PETG FDA Food-Grade Compliance — 21 CFR 177.1630

PETG (glycol-modified polyethylene terephthalate) complies with FDA 21 CFR 177.1630, which covers polyethylene terephthalate resins for food-contact use. This compliance makes PETG suitable for food packaging, food-contact covers, thermoformed food trays, display covers over food products, and similar applications where the plastic surface contacts food directly or indirectly.

At a glance:

  • FDA regulation: 21 CFR 177.1630 — same regulation as PET bottle resin and PET-P bearing grade
  • Suitable for direct food contact in packaging, trays, containers, and equipment covers
  • EU food contact: compliant under EU Regulation 10/2011 for standard grades (verify lot)
  • PETG is NOT autoclavable — do not use for steam-sterilized food contact applications
  • Recyclable as PET copolymer (#1 or #7 — confirm local classification)
  • Request COC from supplier for regulated food-contact procurement

21 CFR 177.1630 — What It Covers

Title 21, CFR 177.1630 permits the use of polyethylene terephthalate resins (homopolymer and copolymer) as food-contact articles. PETG qualifies as a copolymer of PET. The regulation limits extractable adjuvants (antioxidants, mold-release agents, UV absorbers) to specified levels that present no safety concern in food contact.

Standard clear PETG from Eastman Chemical and equivalent producers meets this requirement as produced. Colored and specialty grades (UV-stabilized, tinted, anti-static) must be individually confirmed — the colorants and additives must themselves be FDA-approved at the use levels present.

PETG and bearing-grade PET (Ertalyte) are both regulated under 21 CFR 177.1630 because both are PET-family polymers. This does not mean they are the same material or interchangeable. Confirm the specific grade (PETG amorphous vs PET-P semi-crystalline) meets the mechanical and performance requirements of your application before citing the shared FDA regulation.


Food-Contact Applications for PETG

Food Packaging (Clamshells, Trays, Blister Packs)

Thermoformed PETG packaging is a primary use for food contact compliance:

  • Deli and bakery clamshell containers
  • Produce and prepared food trays
  • Pharmaceutical and food supplement blister packs
  • Rigid lidding for food service containers

PETG packaging is frequently recycled under the #1 (PET) resin code, though technically PETG is a copolymer; confirm local recycler acceptance.

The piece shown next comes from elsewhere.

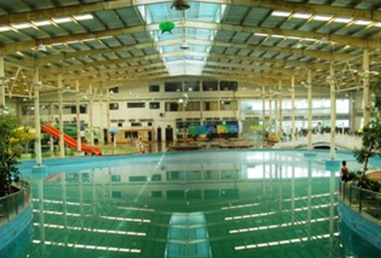 2005年,投資6000余萬(wàn)元的溫泉城建成,并于當(dāng)年11月19日投入使用,其規(guī)模居山東乃至周邊省市之首,封閉建筑面積2萬(wàn)余平方米,城內(nèi)環(huán)境幽雅別致,池周有形態(tài)各異的南方園林樹(shù)木,廳中有城,城上有數(shù)不盡的奇花異草,池邊有亭、古羅馬式圓亭古樸莊重,赤色巨石層巒疊翠,青色圍墻千姿百態(tài),漢白玉小橋如月似虹,沖浪池巨龍活靈活現(xiàn)。池中有池,園中有園,山中有池,池中現(xiàn)島。彎彎曲曲的半圓形滑道把樓池連為一體。由淺入深的巨大沖浪池,占據(jù)大廳中央,波濤洶涌,浪花飛濺,水能習(xí)性強(qiáng)的人在深水處或被托向浪尖,或被踮入浪谷, 帶給我們海邊的感覺(jué);頑皮的兒童坐在池邊不斷用雙手迎著浪花,與水相戲;溫泉池里,一排排按摩床在岸邊或隱或現(xiàn),泉水相繼噴涌,躺在上邊,比器械按摩更舒心,更愜意。右邊,斜面噴泉似箭,形成一片白色,身體靠過(guò)去,萬(wàn)點(diǎn)熱水滴直擊身體,一身的疲勞頃刻間化為烏有。 溫泉城內(nèi)共設(shè)30個(gè)洗浴池,豪華標(biāo)準(zhǔn)化的游泳比賽池,可舉辦大型項(xiàng)目比賽,兒童游泳池,幼兒戲水池,藥泉池,泡沫池,情人按摩浴,旋渦池、日本魚(yú)療池、花浴池等一應(yīng)俱全,另設(shè)國(guó)內(nèi)一流的滑道及桑拿,搓澡、棋牌、乒乓球、臺(tái)球等應(yīng)有盡有,讓你一天??嗟玫椒潘桑⒁杂淇斓男那槿ビ用魈?。

Food-Zone Equipment Covers and Guards

Clear PETG panels used as covers over food preparation surfaces or food display cases require food-contact compliance when the panel surface may contact the food product or be exposed to food splatter:

  • Bakery display case panels
  • Salad bar sneeze guards and covers
  • Delicatessen counter shields
  • Meat cutting area guards and light shields

PETG's chemical resistance to dilute food acids (citric, acetic, phosphoric) and standard sanitizers makes it durable in these environments.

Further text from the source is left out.